中には、黄色の衣の姉妹団が着用しているローブが並んでいた。力の同盟は各自で試しに着てみると、サイズはぴったりだった。

 

「おお、鎧の上からでも着られるようになってる」

 

「むう……我の趣味ではないな」

 

「しゃーねぇだろ。アタシだって厚着したくねぇけど、潜入のためだからな! ワクワクしてきたぜ~!」

 

「我は世界一のデザイナーと自称しておる。測らずとも正確に服を仕立てられるのが我の特技だ!」

 

「ふわふわですわ~!」

 

 俺たちが着心地を確かめる中、ミクリがふとシェーディの方へ目を向ける。

 

「あれ……シェーディは着ないの……?」

 

「…………」

 

 シェーディは渡されたローブを机の上に置き、ふんすと小さく息を吐いた。

似たような形のローブは普段から着ているが、それは真っ赤も真っ赤。なにかこだわりがあって、このローブを身にまとう気はないのだろうか。これでは潜入時に目立ってしまう。

 

「シェーディ、悪いけど我慢を──」

 

「…………」

 

 だが次の瞬間、俺の目を疑う出来事が起こった。

シェーディが自分の着ているローブに手を滑らせると、生地がさーっと色を変えたのだ。赤が溶けるように変わり、鮮やかな黄色へと変化する。

 

「そんな機能付いてたのか!?」

 

「我よりも、ふしぎないきもの過ぎるぞ……」

 

「なあ、他の色にも変えられ──すっげぇ! 虹色になった!!」

 

「ピカピカ光りすぎですわ~! 目が痛いですわ~!」

 

「ふしぎ……」

 

「…………」

 

 得意げに両手を腰に当て、シェーディは仁王立ちした。

誇らしげなその様子に、場が一瞬和む。

 

「蛭蟲にばかり目を向けていて気付かなかったが。シェーディ、君も私が知らない未確認の魔物だな……。研究のために少しだけ、採血と身体検査をさせてほしい」

 

「…………」

 

 採血と聞いて、さらにジトッとした目になるシェーディ。

尻尾を振りながら、とてとて歩いてプロメスティンに近付く。

 

「なんだ……?」

 

 シェーディがぎゅっとプロメスティンに抱きつく。

この必殺のハグに、プロメスティンも骨抜きになるのかと思ったが──。

 

「ふむ、何とも安心する抱擁だな。
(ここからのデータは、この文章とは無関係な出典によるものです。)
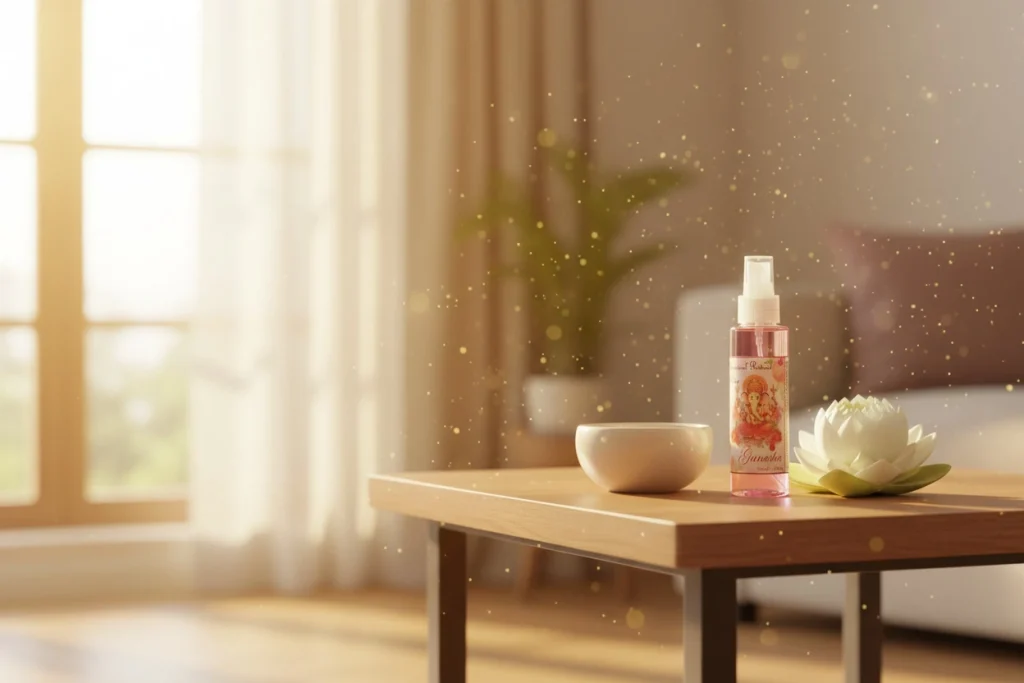 “Imagen de Agua de Ganesha – usos habituales del spray ambiental en entrada, escritorio y rincón de meditación, estilo esotérico profesional.”
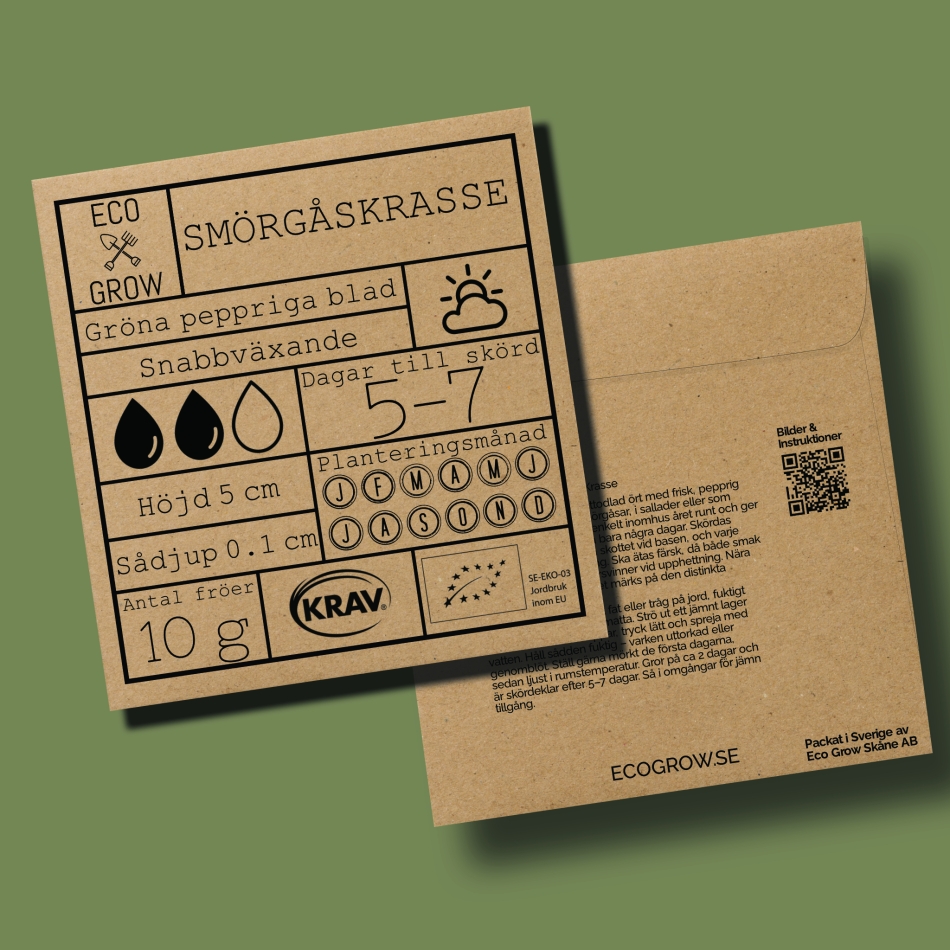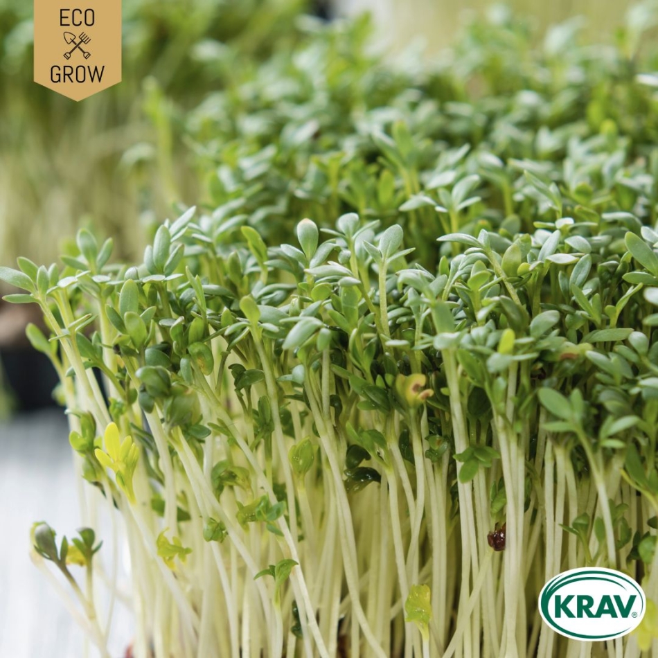 Är en snabbväxande och lättodlad ört med frisk, pepprig smak – perfekt på smörgåsar, i sallader eller som garnering. Den odlas enkelt inomhus året runt och ger en näringsrik skörd på bara några dagar. Skördas genom att klippa hela skottet vid basen, och varje planta skördas en gång. Ska ätas färsk, då både smak och näringsämnen försvinner vid upphettning. Nära släkt med senap, vilket märks på den distinkta smaken.

だが、科学の探求の前には不必要な感情だ」

 

「…………!?」

 

「さあさあ! それよりも、髪と皮膚と血と口腔粘膜を提供してくれ……少しだけでいい……」

 

 全く気にする様子のない、プロメスティン。

シェーディは怯えた様子で部屋から飛び出し、その後ろからプロメスティンが追いかけていく。

 

「ヴェーク、助けなくても良いのか?」

 

「まあ、シェーディは強いからな……」

 

「シェーディの母性溢れる抱擁が通じない生き物がいるなんて……! 恐ろしいですわ!」

 

「こわい……」

 

「イリアス様かラファエラが居たら、あのハグですげー大喜びしただろうなあ……」

 

「……潜入作戦の方、お願いしますね」

 

 こうして、潜入作戦の会議は幕を閉じた。